Kinetically Controlled Seeded Living Supramolecular Polymerization of Tb(III) Complex

ABSTRACT We describe the synthesis of metallosupramolecular polymers using a Tb 3+ complex as a primary building block. This synthesis is facilitated through the strategic manipulation of non‐equilibrium self‐assemblies, employing a living supramolecular polymerization method. Our extensive investigation into the metallosupramolecular polymerizations, which are both thermodynamically and kinetically regulated and centered around the Tb 3+ complex with bisterpyridine‐modified ligand ( R ‐L 1 ) incorporating R ‐alanine units, revealed noteworthy properties. These complexes initially form kinetically metastable aggregates, characterized by a coordination number of nine. This structure involves one Tb 3+ cation and three NO 3 − anions at one terpyridine moiety, while the opposite terpyridine moiety remains unoccupied.

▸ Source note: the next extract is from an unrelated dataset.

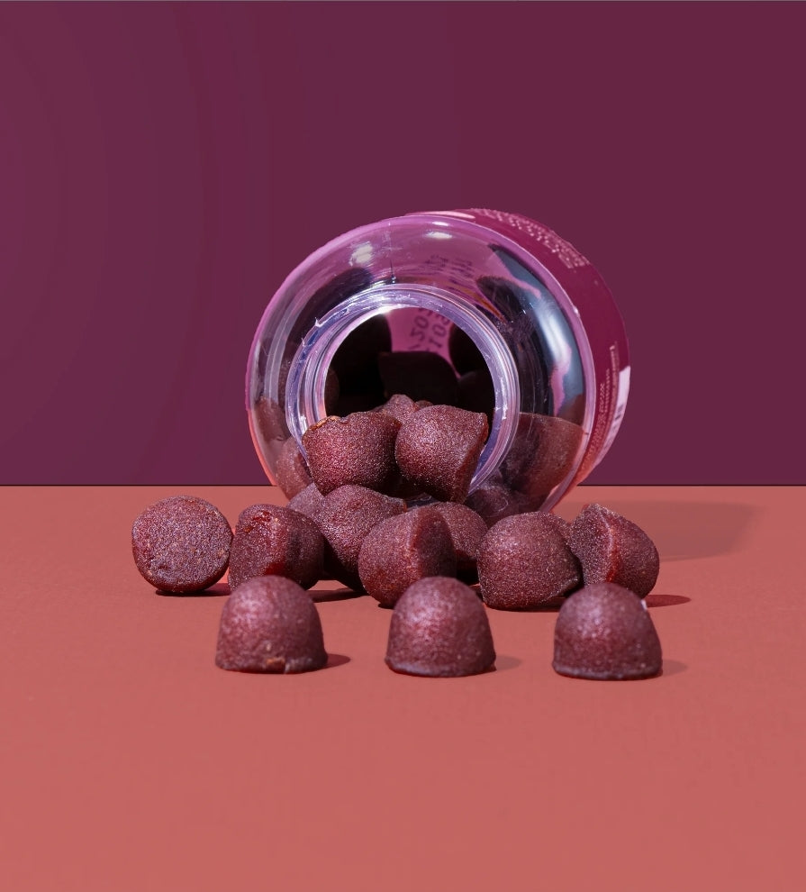 They are strawberry-flavored gummies containing fiber and prebiotics, which are beneficial for gut health and digestion. Prebiotics support the growth of healthy intestinal flora.

Intriguingly, these aggregates can transition into a thermodynamically more stable state, also characterized by a nine‐coordination number. In this state, each of the two terpyridine units is coordinated with one Tb 3+ cation and three NO 3 − anions, respectively. This transformative process is expedited by seed‐induced living polymerization. Therefore, we have successfully executed the seeded living supramolecular polymerization of the monomeric building unit under kinetically controlled conditions. This process yielded a metallosupramolecular polymer with a precisely regulated length and minimal polydispersity, demonstrating the potential of this approach in the design of advanced functional materials.